DATA EXTRACTS:
☆ ☆ ☆ ☆

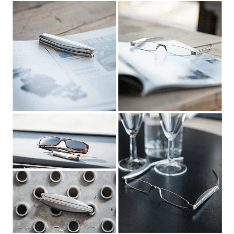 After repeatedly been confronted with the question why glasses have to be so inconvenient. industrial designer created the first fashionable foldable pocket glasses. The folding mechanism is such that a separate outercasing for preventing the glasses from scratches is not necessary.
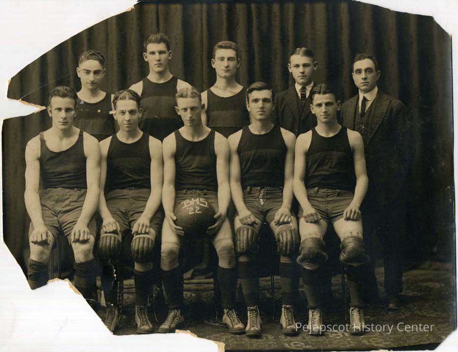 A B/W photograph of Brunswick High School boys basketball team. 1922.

☆ ☆ ☆ ☆

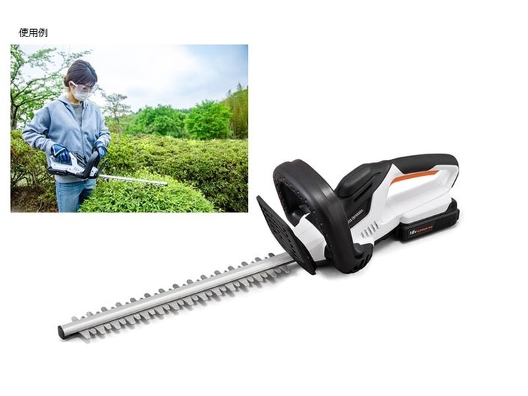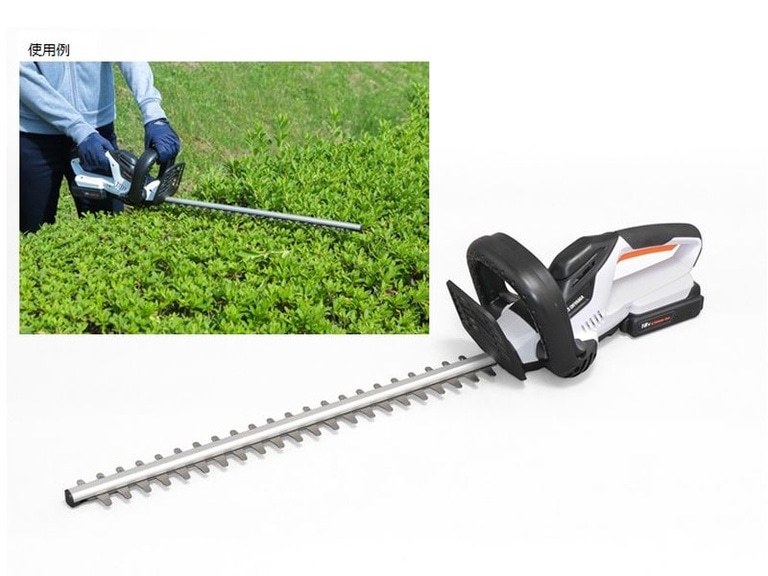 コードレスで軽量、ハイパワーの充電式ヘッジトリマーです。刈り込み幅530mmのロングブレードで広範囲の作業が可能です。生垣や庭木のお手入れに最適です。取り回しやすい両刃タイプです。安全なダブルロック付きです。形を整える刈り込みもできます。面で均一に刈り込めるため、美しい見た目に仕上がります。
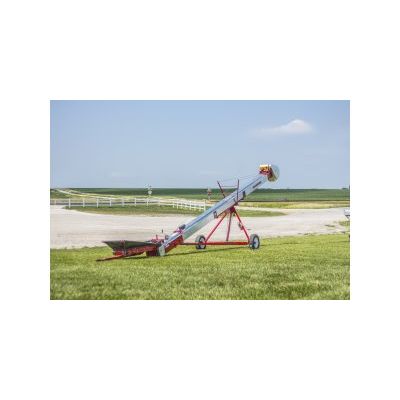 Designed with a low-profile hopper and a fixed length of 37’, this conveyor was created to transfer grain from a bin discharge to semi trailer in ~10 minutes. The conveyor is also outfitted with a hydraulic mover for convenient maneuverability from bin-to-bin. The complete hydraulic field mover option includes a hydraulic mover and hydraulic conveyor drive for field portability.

☆ ☆ ☆ ☆

YOUR INSTRUCTIONS:
If a picture sits between the line containing "After repeatedly been" and the line containing "A B/W photograph", leave it out, and return the lines of that range above exactly, both ends included.

RESPONSE BOX:
 After repeatedly been confronted with the question why glasses have to be so inconvenient. industrial designer created the first fashionable foldable pocket glasses. The folding mechanism is such that a separate outercasing for preventing the glasses from scratches is not necessary.
 A B/W photograph of Brunswick High School boys basketball team. 1922.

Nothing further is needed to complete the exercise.